After I got out, it wasn’t long before I was getting phone calls and letters about how I needed a way to pay for my treatment. At one point I shut down completely during a phone call with the financial people and started sobbing and shrieking. (Embarrassing. Memorable, but Embarrassing.) My mother grabbed the phone and told the woman on the other end that I was obviously still mentally ill and not in a position to take care of that right then.
I’ve also been reluctant to seek treatment due to this experience- even for medical issues rather than psych ones. It took me until I had a large ulcer on my skin from a bacterial infection this spring to go in, and it ended up being pretty horrible. I now have to be careful about my health because of that situation.

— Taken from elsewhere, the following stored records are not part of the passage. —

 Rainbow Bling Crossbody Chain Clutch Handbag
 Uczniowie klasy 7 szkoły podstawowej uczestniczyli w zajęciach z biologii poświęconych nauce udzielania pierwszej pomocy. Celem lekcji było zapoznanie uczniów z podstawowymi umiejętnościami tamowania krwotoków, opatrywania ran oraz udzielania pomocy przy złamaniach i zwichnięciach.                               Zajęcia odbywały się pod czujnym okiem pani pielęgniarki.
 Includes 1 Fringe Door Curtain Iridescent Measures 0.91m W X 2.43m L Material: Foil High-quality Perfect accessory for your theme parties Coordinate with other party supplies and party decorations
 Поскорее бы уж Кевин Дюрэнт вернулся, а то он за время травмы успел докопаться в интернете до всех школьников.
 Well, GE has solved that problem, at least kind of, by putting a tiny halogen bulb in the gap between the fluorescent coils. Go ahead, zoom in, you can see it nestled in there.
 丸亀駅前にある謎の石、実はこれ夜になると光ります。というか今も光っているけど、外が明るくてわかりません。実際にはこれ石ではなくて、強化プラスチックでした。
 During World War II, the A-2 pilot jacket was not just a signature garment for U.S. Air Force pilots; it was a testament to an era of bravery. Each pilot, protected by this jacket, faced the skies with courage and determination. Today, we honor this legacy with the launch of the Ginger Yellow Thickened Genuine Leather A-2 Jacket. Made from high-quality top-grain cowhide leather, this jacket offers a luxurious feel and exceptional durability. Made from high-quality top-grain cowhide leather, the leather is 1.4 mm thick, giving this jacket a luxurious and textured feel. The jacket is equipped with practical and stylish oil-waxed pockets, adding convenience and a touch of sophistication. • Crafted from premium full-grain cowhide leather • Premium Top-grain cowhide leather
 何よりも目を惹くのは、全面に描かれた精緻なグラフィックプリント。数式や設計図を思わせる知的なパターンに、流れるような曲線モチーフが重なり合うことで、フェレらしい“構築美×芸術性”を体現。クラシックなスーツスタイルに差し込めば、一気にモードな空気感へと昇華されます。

I still am trying to pay this off, and while I generally don’t do the sobbing any more, I have a script I have to use to get through those phone calls. Some days I won’t pick up the phone if the number doesn’t have a name associated with it in my cell because I don’t have answers for them. I’ve put money towards it when I’ve had money, but I lost my job in February. I charged off my bank account by letting it continue paying towards it and another debt rather than saving for food. Anxiety about not knowing how to pay off not dying is a near daily occurrence for me.
Thankfully, I have a happy ending of sorts in that I qualify for health care since I’m unemployed and in the process of applying for disability. It won’t take care of my past debts, but it does mean I can now get medical care, and in fact am obligated to do so because of the Disability status. I don’t know what will happen if my Disability case gets denied- I’ll probably plunge back into the world of being unable to go to the doctor.
For many Americans, though, this isn’t the case. Especially those with disabilities- especially those who wish to work and are able to. A woman on an E-mail list shared this thought, and I think it sums up the current system quite well:
The current system demands that either people be very highly functional so they can gain employment somewhere that provides medical insurance that covers pre-existing conditions, or live in poverty, in order to get medical coverage.
There is no middle ground.**
*I’m using the definition of week creatively to mean “the next 7 days” rather than “The set of time observed in western culture as Sunday through Saturday.”
** Has been edited to remove personal info and structure. To the woman that said this: let me know if you’d like me to credit you openly.